One or more of the technical issues advanced by DOJ could be used by the 9th Circuit to justify an order that Judge Phillips’ decision be vacated and the case dismissed.

A more irregular response by the 9th Circuit would be to accept DOJ’s repositioning of the merits question and consider solely whether the current situation — in which Congress has passed the Repeal Act and implementation is proceeding to a likely conclusion by year’s end — is sufficient to meet any constitutional requirements. On this question, DOJ notes that the 9th Circuit panel that stayed Phillips’ order to immediately cease the policy’s enforcement last fall apparently sympathized with the government’s argument that an orderly repeal process was necessary to avoid undue military disruption. This perspective is in line with the customary deference the courts have shown to Congress and the president on questions of military policy.
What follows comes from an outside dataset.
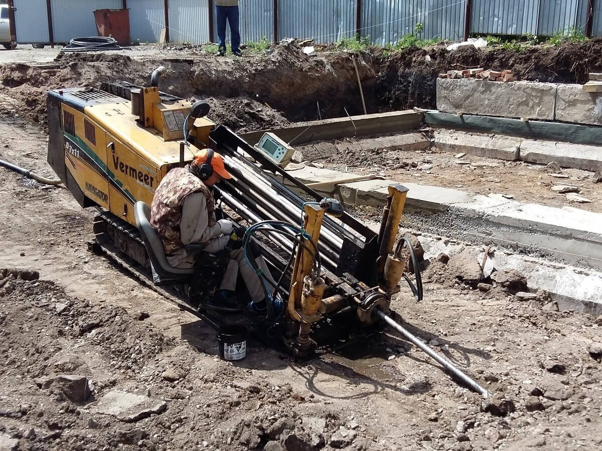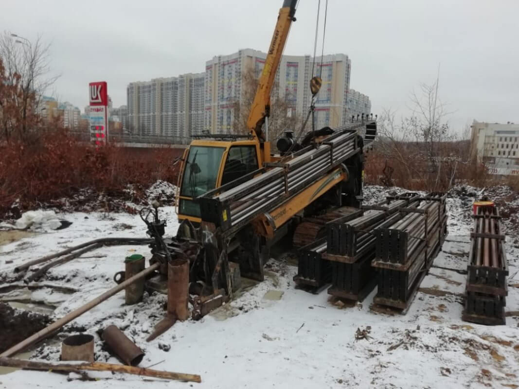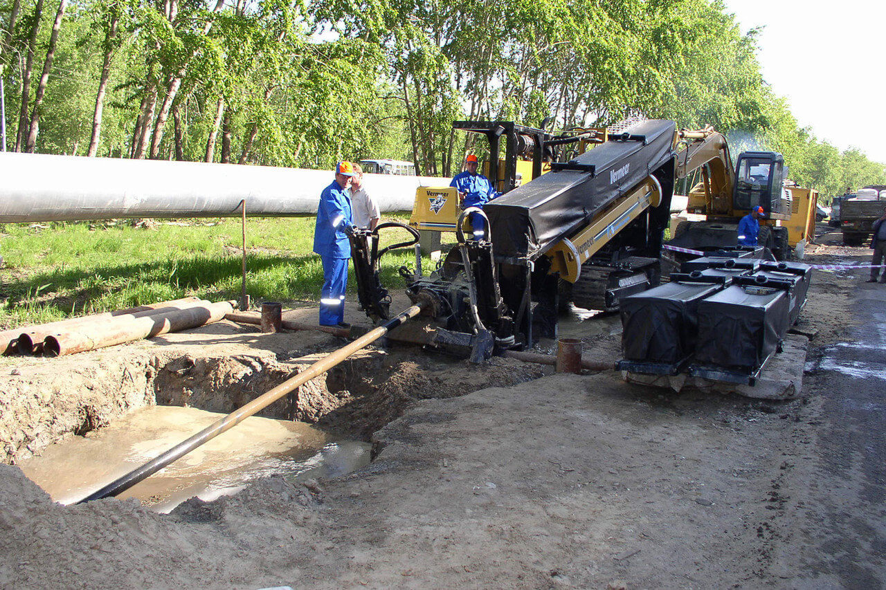 При прокладке теплосетей горизонтальным бурением стоит учитывать огромные преимущества такого метода: сохраняется поверхность с плодородным слоем, минимальный риск повреждения других коммуникаций, небольшие объемы земляных работ, возможность избежать сильного шума и вибраций, значительное сокращение сроков и т.д. Буровые установки, которые используют для данного вида работ, осуществляют прокол грунта в точке входа, а далее бур движется по запланированной проектом траектории под землей, таким образом, все наземные структуры и верхние слои грунта остаются неприкосновенны.

In responding to this DOJ brief, Log Cabin will likely vociferously protest DOJ’s attempt to reframe the question before the court on the ground that it had not been previously litigated. The group will certainly also reiterate Phillips’ ruling on its standing and the appropriate relief.

The DOJ has also argued that because the Log Cabin suit was not certified as a class action on behalf of all lesbian, gay, and bisexual service members, any remedy should only apply to John Doe and Nicholson, should he see to reenlist.

It’s all a tangled mess, and it actually makes little sense for the 9th Circuit to schedule oral argument as long as the Defense Department appears headed for expeditious completion of the repeal process. The DOJ brief alleges that this process is well underway, with new policies having been devised and training is soon to begin, with an intent to complete the process in a matter of months.

Still, the appeal ought not be dismissed and the district court’s decision shouldn’t be vacated for now, since holding this sword over the Defense Department may help to ensure continued best efforts toward repeal by the military. It’s not unlikely that threat is what Judge Phillips had in mind with her provocative immediate worldwide injunction last fall.